Keywords: glycoxidation, lipoxidation, methionine sulfoxide, oxidation, oxidative stress
Introduction
Chemical modification of proteins by carbohydrates and lipids affects the structure, function and turnover of proteins and contributes to the deterioration of biological systems during aging and disease [1]. Maillard or browning reactions are among the major nonenzymatic pathways contributing to protein damage, and autoxidation of sugars and lipids during these reactions enhances the chemical modification of proteins by reactive oxygen species (ROS). In addition to direct oxidative damage by ROS, reactive carbonyl intermediates in glycoxidation and lipoxidation reactions also react with protein, forming advanced glycoxidation and advanced lipoxidation end-products (AGE/ALEs) and producing a wide range of chemical modifications and crosslinking of proteins in diabetes and aging [2]. Hyperlipidemia and dyslipidemia are common features of both metabolic syndrome and diabetes [3, 4], however the relative importance of carbohydrate versus lipid as a source of chemical damage to proteins in vivo is controversial [2]. Indeed, many of the most prominent chemical modifications, such as Nε-(carboxymethyl)lysine, Nε-(carboxyethyl)lysine and methylglyoxal hydroimidazolone derivatives of arginine [5] may be formed from both carbohydrates and lipids [2].

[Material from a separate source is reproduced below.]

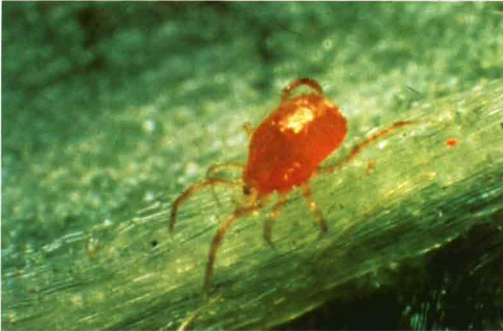
Se utilizó Phytoseiulus permisilis para combatir la araña roja, pero no tuvo tiempo de adaptarse ni de reproducirse, por lo que se utilizó otro tratamiento a base de Hexitiazox y ácido fosfórico.

ta para completar la parasitación de todo el ciclo fisiológico de la Lyriomyza . La suelta de Phytoseiulus se realizó después de ver que la población de araña roja iba aumentando, debido a la sensibilidad de este depredador a las altas temperaturas, la eficacia de éste disminuyó, no viéndose los resultados del todo satisfactorios, decidiéndose entonces por hacer un tratamiento con Hexitiazox . Se observó que este producto no dañaba la fauna de los enemigos naturales, y se comprobó que la actuación conjunta del producto y del depredador fueron suficiente para controlar la población de araña roja.

In previous work we have observed the rapid oxidation of methionine during glycoxidation and lipoxidation reactions, and in the present work we set out to determine whether the methionine sulfoxide (MetSO) content of a protein would be useful as a more general and sensitive indicator, compared to AGE/ALEs, of overall exposure of a protein to oxidative, glycoxidative and lipoxidative damage. We also investigated the sites of methionine oxidation in protein to determine whether analysis of the site specificity of methionine oxidation would provide an indication of the source of the oxidative damage, i.e. carbohydrate or lipid. We describe here the development of an LC/MS/MS for quantification of methionine oxidation at specific sites in the model protein ribonuclease (RNase) during glycoxidation or lipoxidation by glucose or arachidonate, respectively. Control, glycoxidized and lipoxidized RNase were digested with trypsin and analyzed by reversed phase HPLC, electrospray ionization triple quadrupole mass spectrometry (ESI+-LC/MS/MS). As shown below, compared to AGE/ALEs, methionine sulfoxide was a more sensitive biomarker of glycoxidative and lipoxidative damage to protein, but, regardless of oxidizable substrate, the relative rate of oxidation of methionine residues in RNase was Met29 > Met30 > Met13, with Met79 being resistant to oxidation. In addition, at similar concentrations of glucose and arachidonate, the yield of MetSO was much greater from arachidonate, emphasizing the importance of lipids, compared to carbohydrates, as a source of oxidative damage to proteins in vivo. The methods developed in this study should find general applicability for assessing overall exposure of specific proteins to oxidative stress in aging and disease.
Materials and Methods
Materials
Arachidonic acid, chloramine-T, cyanogen bromide (CNBr), diethylenetriamine-pentaacetic acid (DTPA), dithiothreitol (DTT), D-(+)-glucose (ACS grade), 3-(N-morpholino)-propanesulfonic acid (MOPS), ribonuclease A (RNase type II-A), trypsin (sequencing grade), urea (Ultra Grade), and 4-vinylpyridine were purchased from Sigma-Aldrich Chemical Company (St. Louis, MO). Acetonitrile (HPLC grade), methanol (ACS Grade), trifluoroacetic acid (TFA; biochemical grade), and N,O-trifluoroacetic anhydride were purchased from Acros Chemicals (Atlanta, GA)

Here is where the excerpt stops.